## Work task
Leave out the pictures and reproduce all of the data exactly.

## The data
──────────
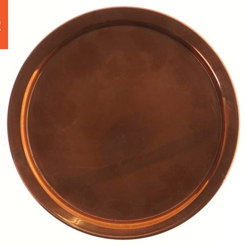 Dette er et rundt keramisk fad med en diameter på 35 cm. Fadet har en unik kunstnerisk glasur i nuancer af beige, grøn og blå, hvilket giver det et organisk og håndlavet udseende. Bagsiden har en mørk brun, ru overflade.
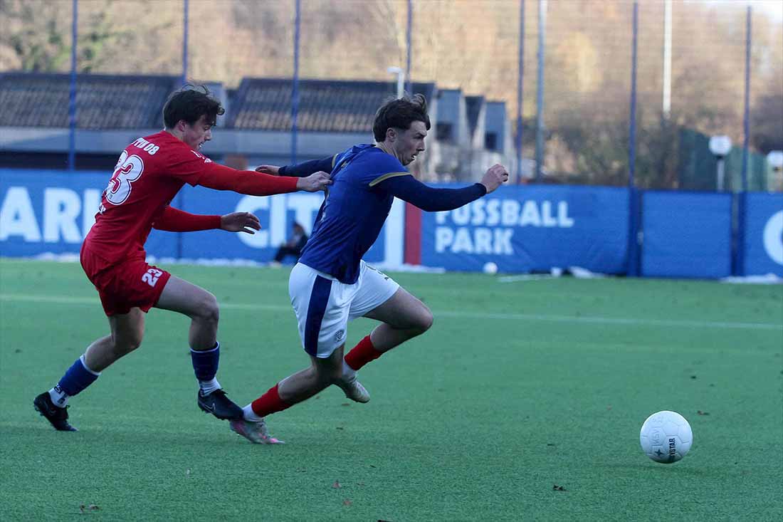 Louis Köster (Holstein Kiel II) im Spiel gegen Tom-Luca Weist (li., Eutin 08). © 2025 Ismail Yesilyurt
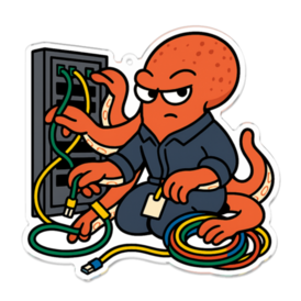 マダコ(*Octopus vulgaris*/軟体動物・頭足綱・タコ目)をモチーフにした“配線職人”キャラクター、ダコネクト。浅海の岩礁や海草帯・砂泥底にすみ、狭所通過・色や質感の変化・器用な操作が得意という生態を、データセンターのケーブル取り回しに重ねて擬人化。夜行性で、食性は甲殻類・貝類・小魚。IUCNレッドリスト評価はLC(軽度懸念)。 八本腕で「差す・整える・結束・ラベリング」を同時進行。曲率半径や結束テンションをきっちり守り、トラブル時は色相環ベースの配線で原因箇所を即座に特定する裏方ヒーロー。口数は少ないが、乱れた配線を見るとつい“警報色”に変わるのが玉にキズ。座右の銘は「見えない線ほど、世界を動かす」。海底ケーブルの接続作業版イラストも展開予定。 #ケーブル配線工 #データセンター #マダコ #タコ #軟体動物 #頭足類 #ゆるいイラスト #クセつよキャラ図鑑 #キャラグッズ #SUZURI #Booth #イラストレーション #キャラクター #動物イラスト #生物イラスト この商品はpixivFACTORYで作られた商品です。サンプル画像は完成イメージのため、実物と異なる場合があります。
──────────
## Problem solution
 Dette er et rundt keramisk fad med en diameter på 35 cm. Fadet har en unik kunstnerisk glasur i nuancer af beige, grøn og blå, hvilket giver det et organisk og håndlavet udseende. Bagsiden har en mørk brun, ru overflade.
 Louis Köster (Holstein Kiel II) im Spiel gegen Tom-Luca Weist (li., Eutin 08). © 2025 Ismail Yesilyurt
 マダコ(*Octopus vulgaris*/軟体動物・頭足綱・タコ目)をモチーフにした“配線職人”キャラクター、ダコネクト。浅海の岩礁や海草帯・砂泥底にすみ、狭所通過・色や質感の変化・器用な操作が得意という生態を、データセンターのケーブル取り回しに重ねて擬人化。夜行性で、食性は甲殻類・貝類・小魚。IUCNレッドリスト評価はLC(軽度懸念)。 八本腕で「差す・整える・結束・ラベリング」を同時進行。曲率半径や結束テンションをきっちり守り、トラブル時は色相環ベースの配線で原因箇所を即座に特定する裏方ヒーロー。口数は少ないが、乱れた配線を見るとつい“警報色”に変わるのが玉にキズ。座右の銘は「見えない線ほど、世界を動かす」。海底ケーブルの接続作業版イラストも展開予定。 #ケーブル配線工 #データセンター #マダコ #タコ #軟体動物 #頭足類 #ゆるいイラスト #クセつよキャラ図鑑 #キャラグッズ #SUZURI #Booth #イラストレーション #キャラクター #動物イラスト #生物イラスト この商品はpixivFACTORYで作られた商品です。サンプル画像は完成イメージのため、実物と異なる場合があります。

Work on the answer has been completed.